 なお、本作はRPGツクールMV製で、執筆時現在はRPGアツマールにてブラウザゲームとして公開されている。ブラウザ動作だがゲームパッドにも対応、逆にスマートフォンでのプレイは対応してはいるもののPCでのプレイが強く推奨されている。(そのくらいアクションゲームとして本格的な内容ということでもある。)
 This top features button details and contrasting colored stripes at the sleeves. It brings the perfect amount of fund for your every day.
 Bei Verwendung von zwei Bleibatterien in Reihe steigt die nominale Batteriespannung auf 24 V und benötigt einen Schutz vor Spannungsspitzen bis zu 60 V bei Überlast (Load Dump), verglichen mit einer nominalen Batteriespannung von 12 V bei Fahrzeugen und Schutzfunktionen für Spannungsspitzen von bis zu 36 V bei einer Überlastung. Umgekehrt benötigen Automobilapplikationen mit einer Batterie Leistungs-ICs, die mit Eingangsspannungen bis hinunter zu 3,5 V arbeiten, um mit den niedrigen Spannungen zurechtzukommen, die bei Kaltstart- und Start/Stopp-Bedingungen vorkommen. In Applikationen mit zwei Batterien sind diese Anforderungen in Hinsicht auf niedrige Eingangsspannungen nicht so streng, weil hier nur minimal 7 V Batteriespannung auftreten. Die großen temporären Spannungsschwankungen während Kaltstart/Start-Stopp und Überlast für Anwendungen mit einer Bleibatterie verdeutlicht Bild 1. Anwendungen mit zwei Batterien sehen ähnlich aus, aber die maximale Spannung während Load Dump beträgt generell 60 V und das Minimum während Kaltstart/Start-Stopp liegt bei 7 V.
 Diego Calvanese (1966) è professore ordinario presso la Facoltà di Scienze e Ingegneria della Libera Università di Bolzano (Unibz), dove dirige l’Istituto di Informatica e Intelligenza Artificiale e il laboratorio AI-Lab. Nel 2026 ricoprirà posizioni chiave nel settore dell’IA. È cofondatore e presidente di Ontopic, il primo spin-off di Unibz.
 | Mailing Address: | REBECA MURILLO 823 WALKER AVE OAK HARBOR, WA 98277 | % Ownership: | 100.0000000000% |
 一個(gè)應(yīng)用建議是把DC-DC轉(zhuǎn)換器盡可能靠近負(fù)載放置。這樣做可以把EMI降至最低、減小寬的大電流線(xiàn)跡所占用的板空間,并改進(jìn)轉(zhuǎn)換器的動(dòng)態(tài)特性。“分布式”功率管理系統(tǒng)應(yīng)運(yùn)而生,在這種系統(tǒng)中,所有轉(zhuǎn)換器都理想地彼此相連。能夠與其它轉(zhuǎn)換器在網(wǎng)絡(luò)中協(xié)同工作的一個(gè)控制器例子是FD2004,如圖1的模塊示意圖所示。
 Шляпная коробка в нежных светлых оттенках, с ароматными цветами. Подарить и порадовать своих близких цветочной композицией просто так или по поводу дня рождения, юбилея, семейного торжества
.....
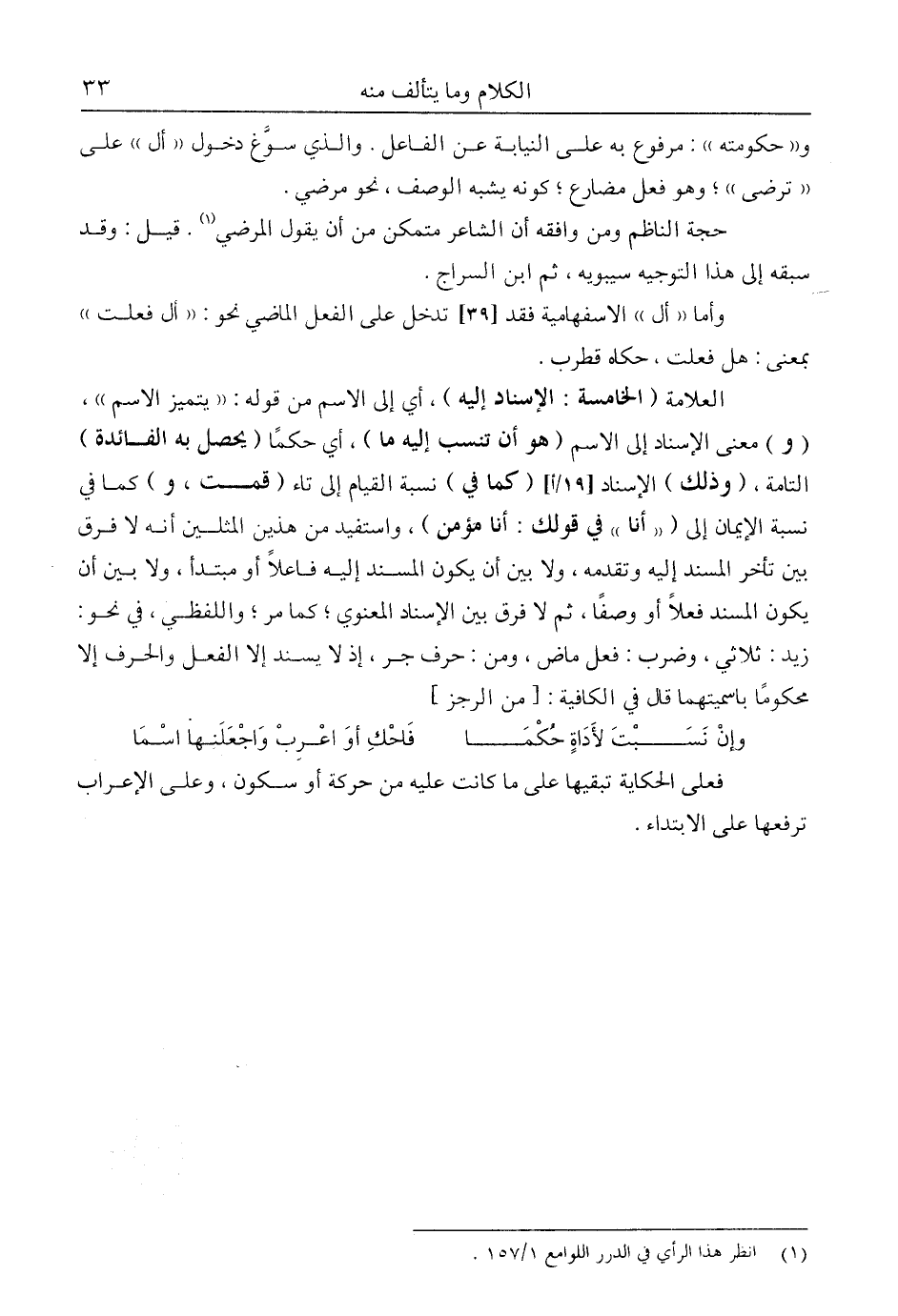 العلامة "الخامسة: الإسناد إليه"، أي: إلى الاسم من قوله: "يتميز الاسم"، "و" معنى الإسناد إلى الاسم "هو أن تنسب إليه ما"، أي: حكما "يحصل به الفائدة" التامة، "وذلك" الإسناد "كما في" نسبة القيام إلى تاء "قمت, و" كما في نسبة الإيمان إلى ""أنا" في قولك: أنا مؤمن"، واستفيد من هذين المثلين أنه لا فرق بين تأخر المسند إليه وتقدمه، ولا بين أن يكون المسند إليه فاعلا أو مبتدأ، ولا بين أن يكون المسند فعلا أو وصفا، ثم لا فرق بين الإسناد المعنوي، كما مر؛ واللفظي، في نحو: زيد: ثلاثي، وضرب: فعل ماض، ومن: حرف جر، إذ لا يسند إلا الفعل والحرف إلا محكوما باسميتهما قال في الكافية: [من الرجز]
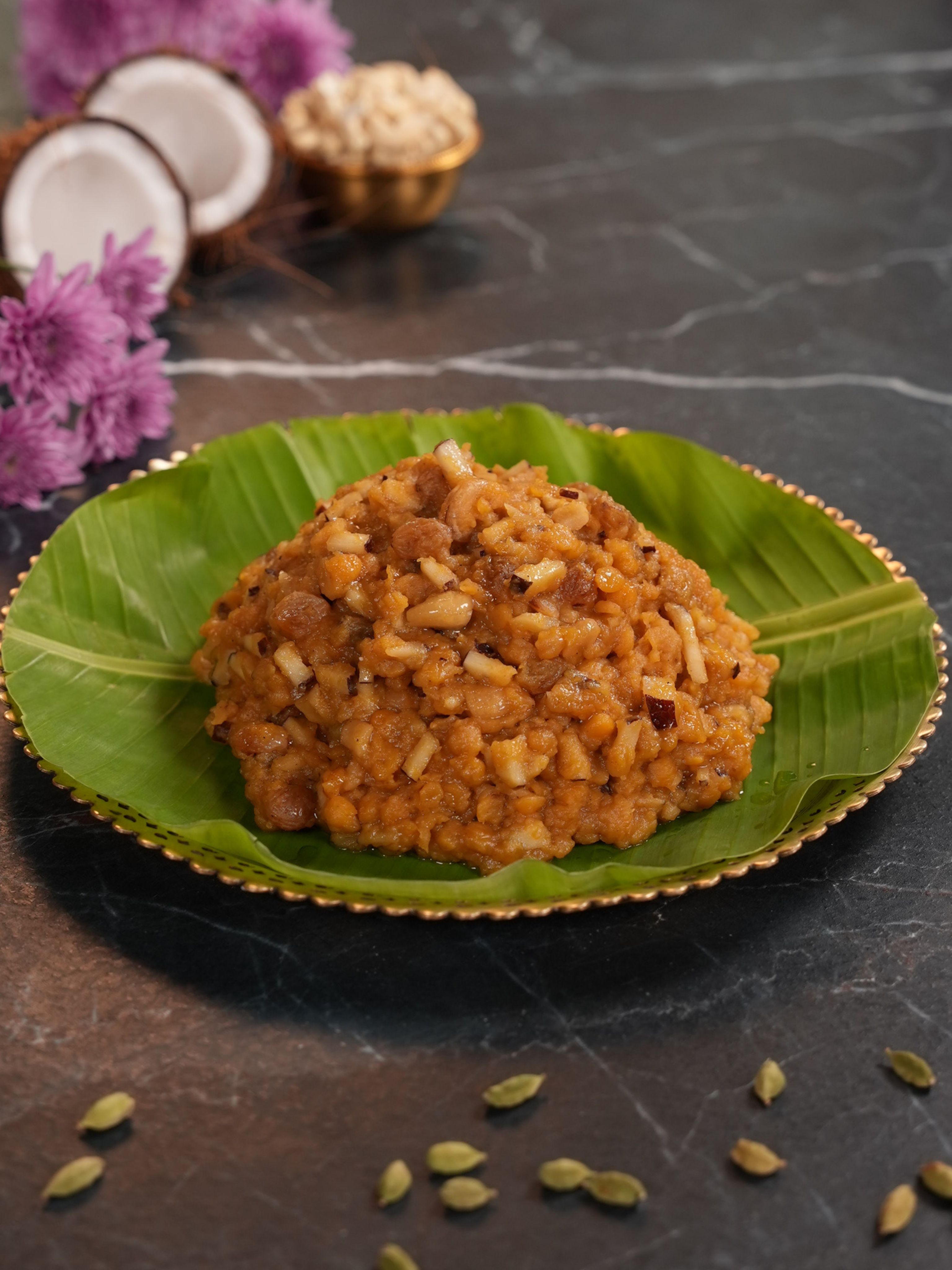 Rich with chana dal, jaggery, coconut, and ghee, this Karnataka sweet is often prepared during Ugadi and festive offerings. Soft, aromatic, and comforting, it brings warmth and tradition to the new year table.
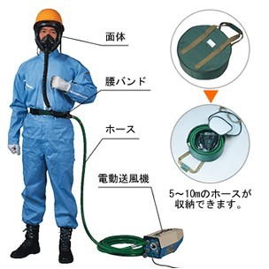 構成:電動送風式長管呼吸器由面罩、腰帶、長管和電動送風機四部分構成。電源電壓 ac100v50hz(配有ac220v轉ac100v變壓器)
.....
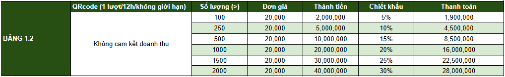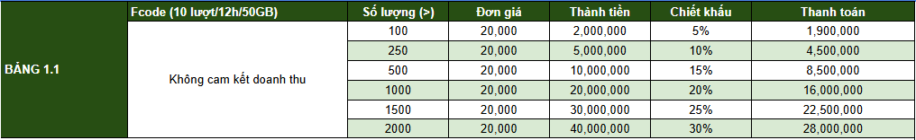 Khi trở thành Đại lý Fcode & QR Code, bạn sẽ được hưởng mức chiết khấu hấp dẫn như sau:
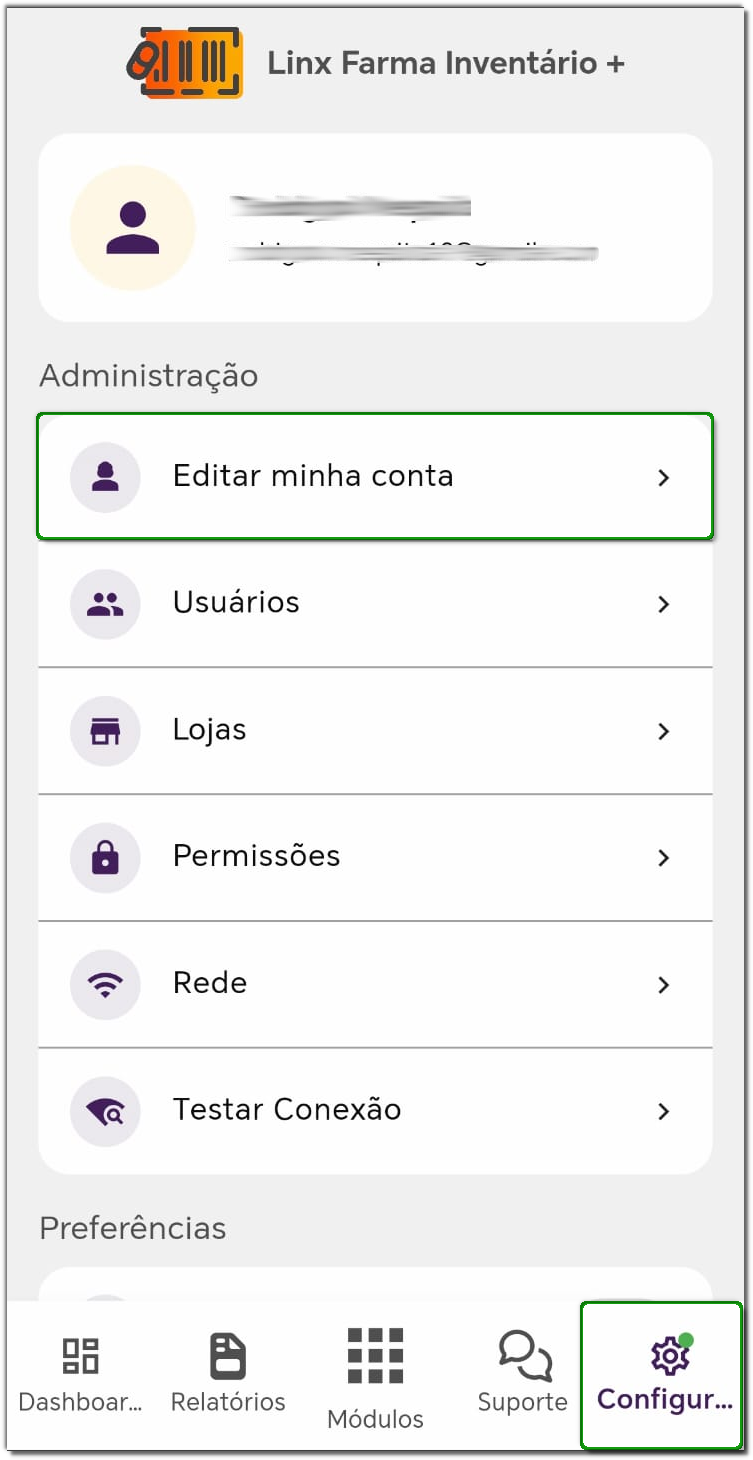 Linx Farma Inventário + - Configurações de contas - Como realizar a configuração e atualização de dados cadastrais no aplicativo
.....
** BRIEF **
Reproduce, word for word and in full, only the lines above that start at the line with "なお、本作はRPGツクールM" and run through the line with "This top features", both ends included.

** SOLUTION **
 なお、本作はRPGツクールMV製で、執筆時現在はRPGアツマールにてブラウザゲームとして公開されている。ブラウザ動作だがゲームパッドにも対応、逆にスマートフォンでのプレイは対応してはいるもののPCでのプレイが強く推奨されている。(そのくらいアクションゲームとして本格的な内容ということでもある。)
 This top features button details and contrasting colored stripes at the sleeves. It brings the perfect amount of fund for your every day.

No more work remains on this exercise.